The CFO'S Perspective

How Outsourced CFOs Handle Ethical Considerations

how-outsourced-cfos-handle-ethical-considerationsAs outsourced CFOs we are brought in to assist in a variety of situations across many different types of organizations. Every instance is unique in terms of what kind of financial position they are in, where they are excelling and/or struggling operationally, and what they are looking to get help with across their financial functions. As a result, their expectations can get hazy for the consulting CFO coming into the role. When this unclear view of what a fractional CFO should be doing is combined with financial management activities that are (either unintentionally or purposefully) against best practices or downright unethical, an outsourced CFO can find themselves in a sticky situation.

So, whether you are a consulting CFO looking for advice or a business leader looking for an idea of what to expect from the engagement, we have put together a quick resource to offer some guidance on how external CFOs handle ethical questions and issues.

Fiduciary Responsibility

As outsourced consultants fractional CFOs can decide whether they want to take on fiduciary authority or not. It is not legally mandated that an outsourced CFO must accept fiduciary responsibility over the business they are working with, which means that each CFO services provider or independent consultant can handle this area however they see fit. For example, here at CFO Selections we choose not to act in a fiduciary capacity to avoid conflicts and reinforce the business owner’s role in decision-making.

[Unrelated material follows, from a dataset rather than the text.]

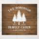 A stylish country rustic themed set of food container bottle and jar labels, featuring your name and "Family Cabin", Ranch, Cottage or other text along with its established date and location if desired. This custom, unique design features rustic country style text with a white silhouette of pine trees on a print of wood planks. To see more designs like this, feel free to visit my store here at "Zazzle.com/Rustic_Charm". Thanks.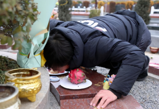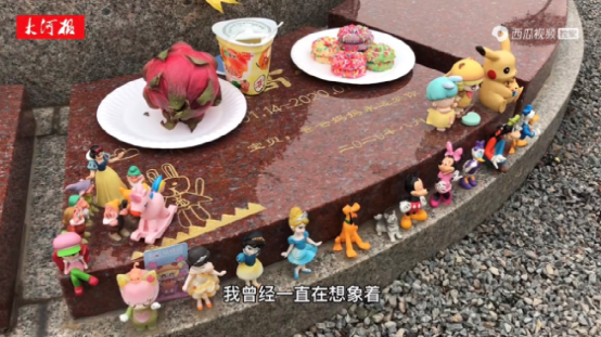 他会经常买女儿爱吃的小零食,放在墓碑前。

However, even when outsourced CFOs do not assume fiduciary authority, they still bear an ethical responsibility to act honestly in the work they do to protect the organization to the best of their ability. They will hold themselves to the highest standard of personal integrity and adhere to a code of ethics in the work that they do.

Best Practice Exceptions

When happens if a company’s financial management activities go against common accounting best practices? Financial best practices are the most common right way to do things for most businesses, but some niches have specialized needs.

Industry variables can sometimes dictate that management decisions be made to handle things differently in certain instances. An outsourced CFO will work with the organization to understand any exceptions that exist for their client’s industry or business model. And, armed with knowledge from previous engagements, they should be able to adapt quickly, reducing the associated learning curve with managing the organization in this way.

Illegal Activity

Sometimes the exceptions that external CFOs find are not a result of well-informed management decisions though – sometimes they are an indication of fraud.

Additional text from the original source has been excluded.